___ Given records ___

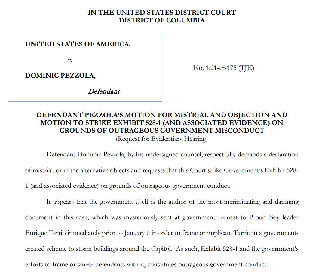 Defense accuses Biden DOJ of "outrageous government misconduct" for withholding critical information related to a document central to DOJ case against 5 accused of "seditious conspiracy."
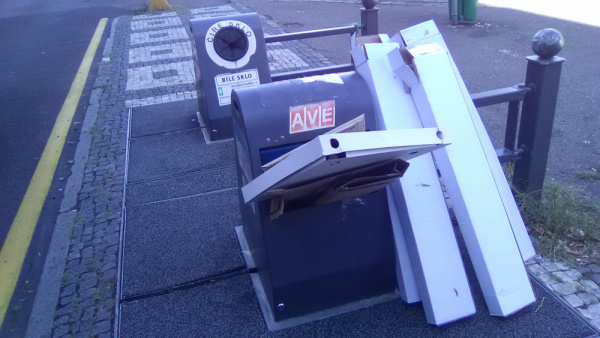 Na náměstí Jířiho z Lobkovic je ucpaný otvor od třídícího kontejnéru na papír. Kontejnér je zabudovaný do chodníku. Děkuji mnohokrát za z provoznění kontejnéru. S pozdravem K. Honsa
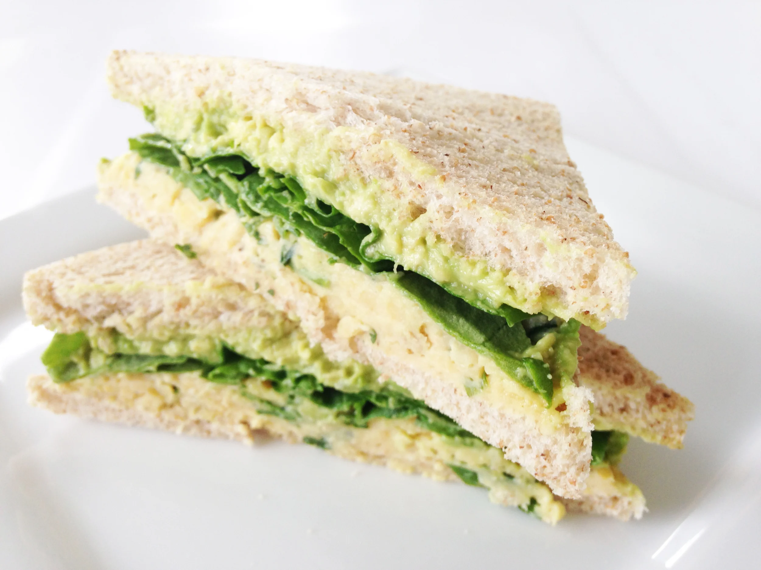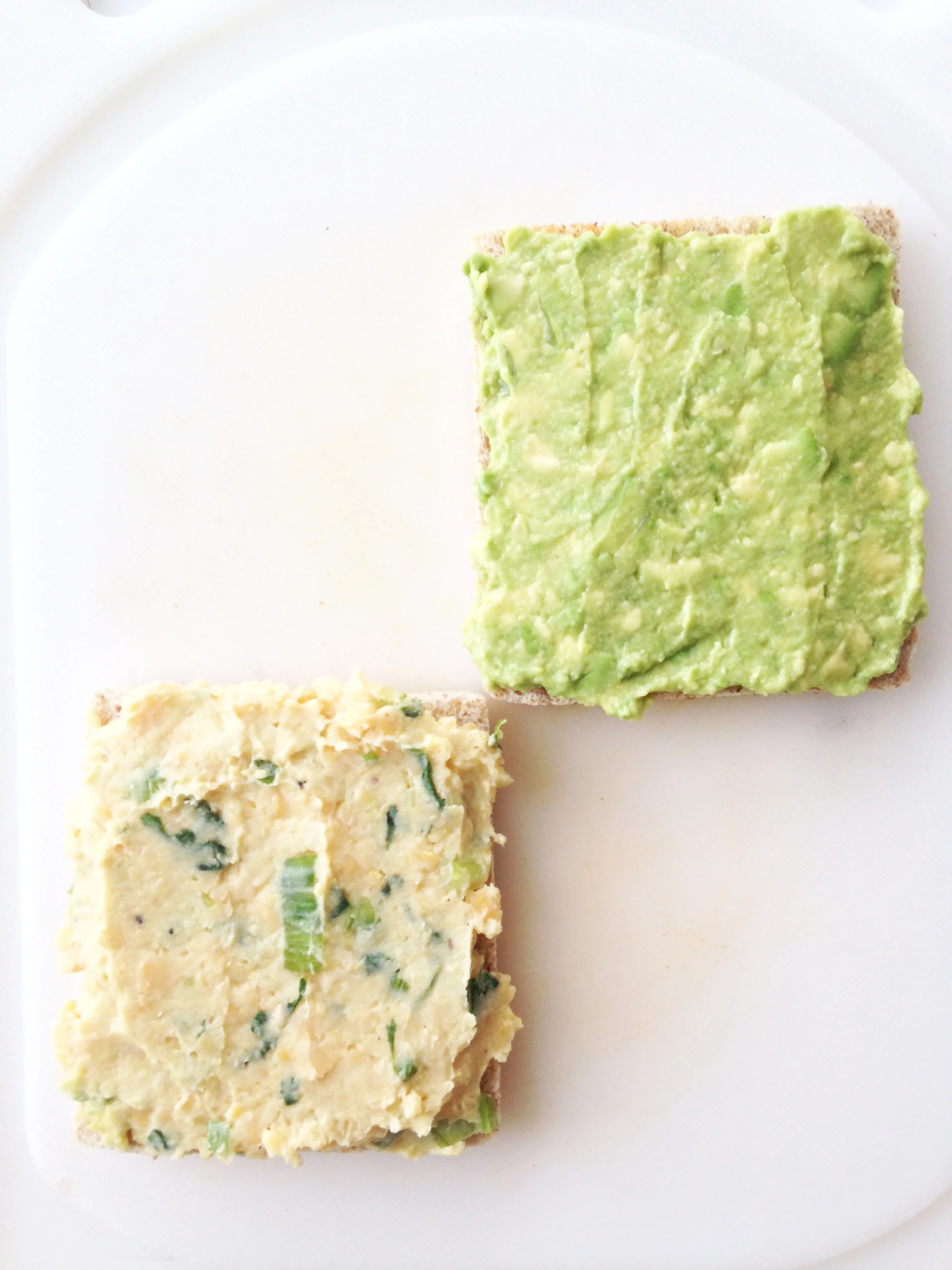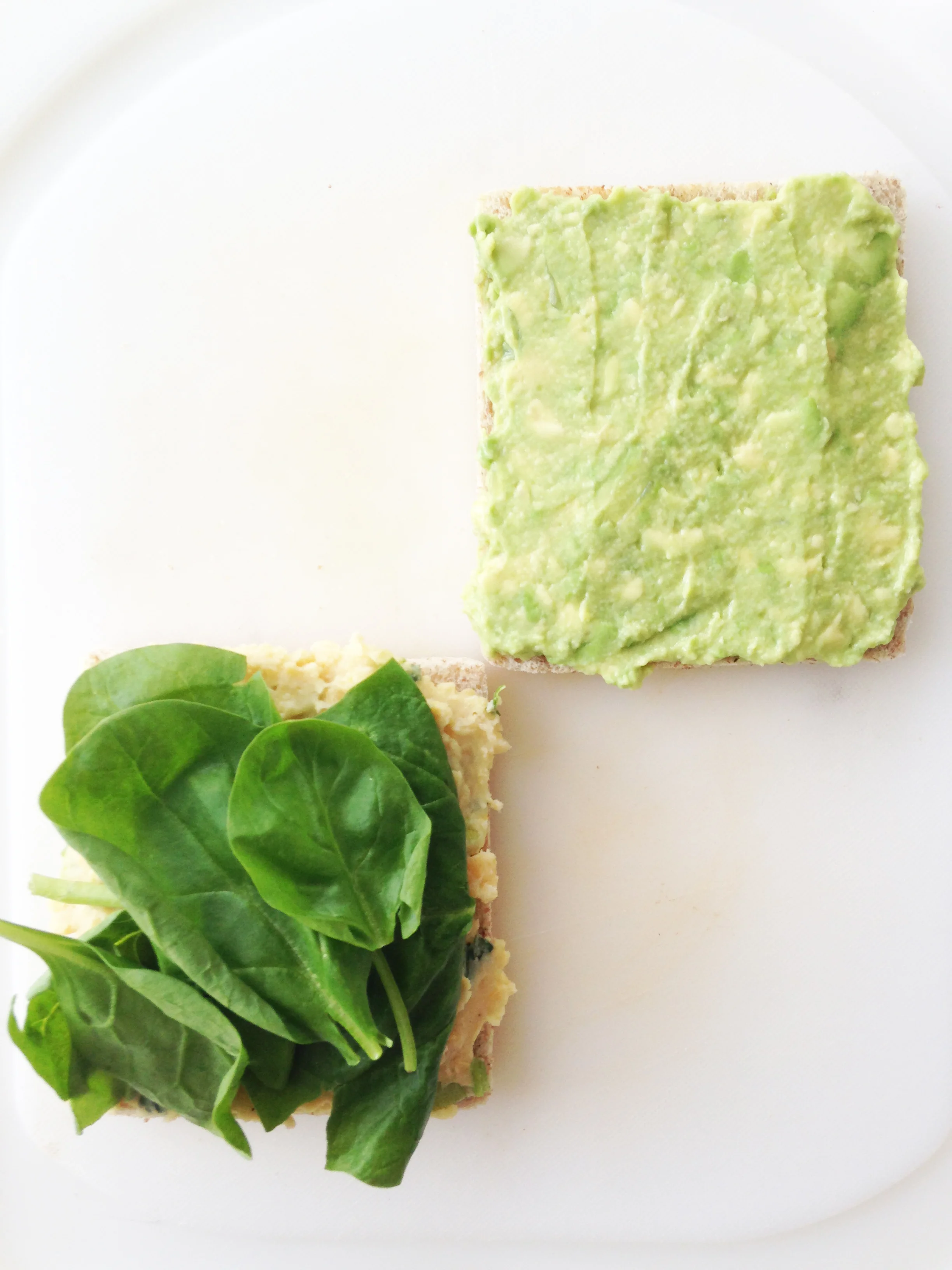 Divide the mixtures evenly among the sandwiches and spread the chickpeas over one slice of bread and the avocado over the other.
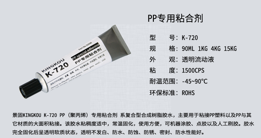 景固KINGKOU K-720 PP(聚丙烯)專用粘合劑 系復(fù)合型合成樹脂膠水,主要用于粘接PP塑料以及PP與其它材質(zhì)的大面積粘接。該膠水粘稠度適中,常溫固化,使用方便,可機(jī)器涂膠、點(diǎn)膠以及人工刷膠。膠水完全固化后呈透明軟質(zhì)狀態(tài),完全不發(fā)白、防水、防蝕、防銹、密封、防水性能好。
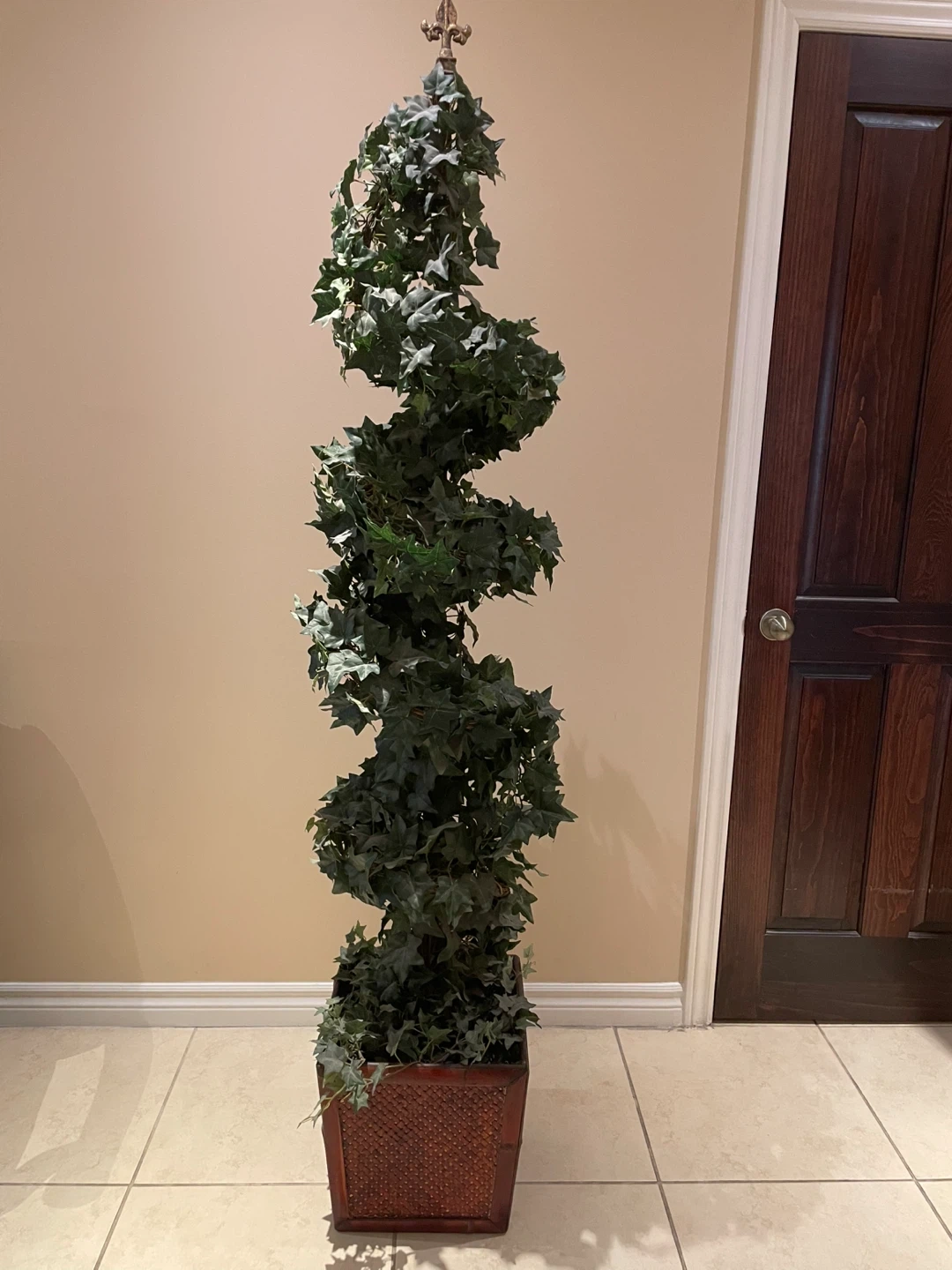 This is a charming artificial ivy topiary tree, perfect for adding a touch of greenery to your home! The tree features a spiral design and comes in a decorative wood pot. It's in good condition and ready to brighten up any space. Length: 76.5 in Box/Pot: length 13 in Width 13 in each sides
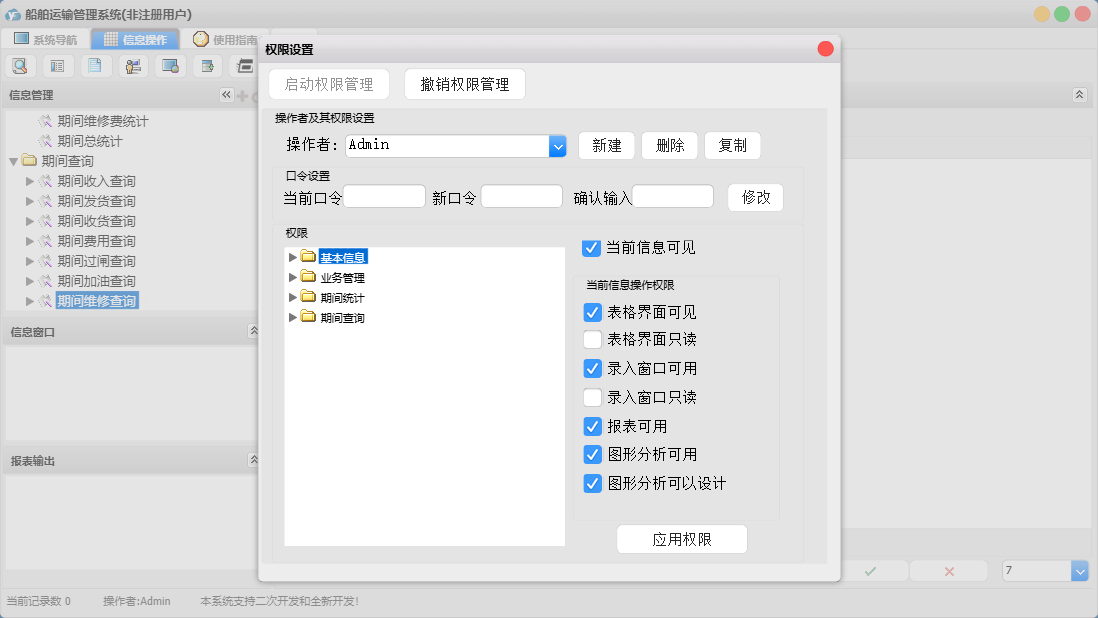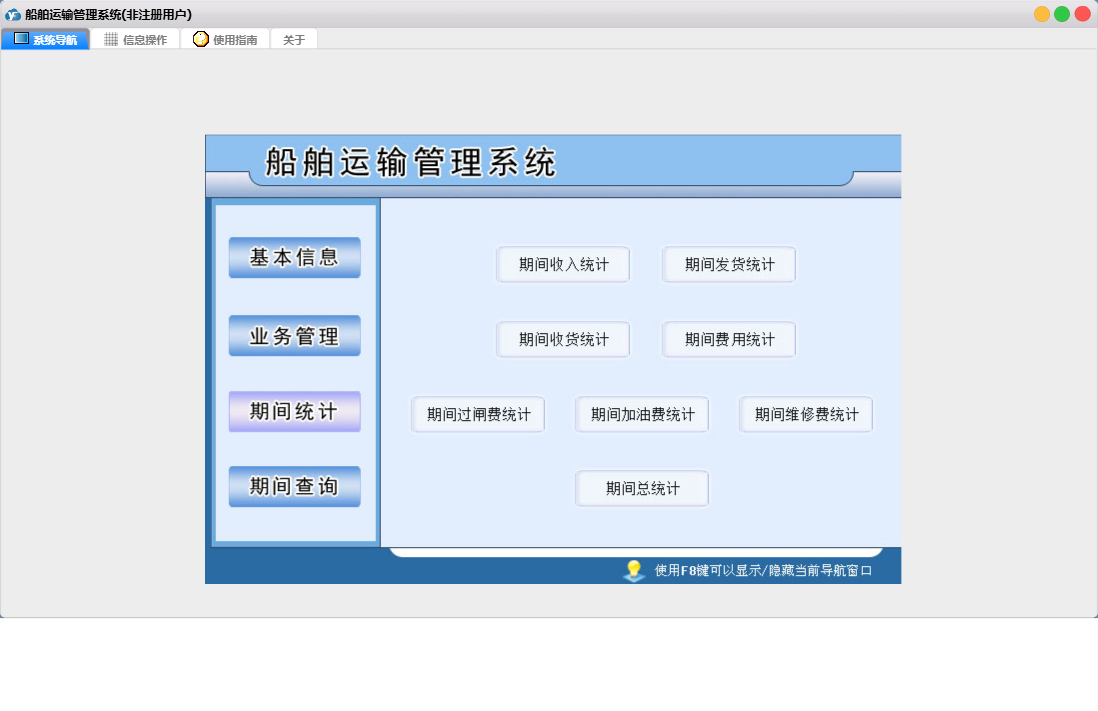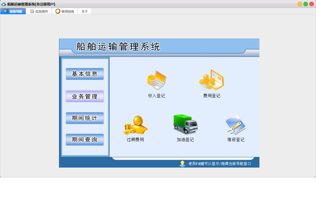 船舶运输管理系统包含以下功能:加油站信息、收货方信息、期间统计、船舶信息、收入登记、维修登记、日志、关于、基本信息、权限设置、期间查询、过闸费用、发货方信息、费用登记、加油登记、业务管理等

___

▸ **Activity**
When you retype the data above, match every line exactly and leave the pictures behind.

▸ **Answer box**
 Defense accuses Biden DOJ of "outrageous government misconduct" for withholding critical information related to a document central to DOJ case against 5 accused of "seditious conspiracy."
 Na náměstí Jířiho z Lobkovic je ucpaný otvor od třídícího kontejnéru na papír. Kontejnér je zabudovaný do chodníku. Děkuji mnohokrát za z provoznění kontejnéru. S pozdravem K. Honsa
 Divide the mixtures evenly among the sandwiches and spread the chickpeas over one slice of bread and the avocado over the other.
 景固KINGKOU K-720 PP(聚丙烯)專用粘合劑 系復(fù)合型合成樹脂膠水,主要用于粘接PP塑料以及PP與其它材質(zhì)的大面積粘接。該膠水粘稠度適中,常溫固化,使用方便,可機(jī)器涂膠、點(diǎn)膠以及人工刷膠。膠水完全固化后呈透明軟質(zhì)狀態(tài),完全不發(fā)白、防水、防蝕、防銹、密封、防水性能好。
 This is a charming artificial ivy topiary tree, perfect for adding a touch of greenery to your home! The tree features a spiral design and comes in a decorative wood pot. It's in good condition and ready to brighten up any space. Length: 76.5 in Box/Pot: length 13 in Width 13 in each sides
 船舶运输管理系统包含以下功能:加油站信息、收货方信息、期间统计、船舶信息、收入登记、维修登记、日志、关于、基本信息、权限设置、期间查询、过闸费用、发货方信息、费用登记、加油登记、业务管理等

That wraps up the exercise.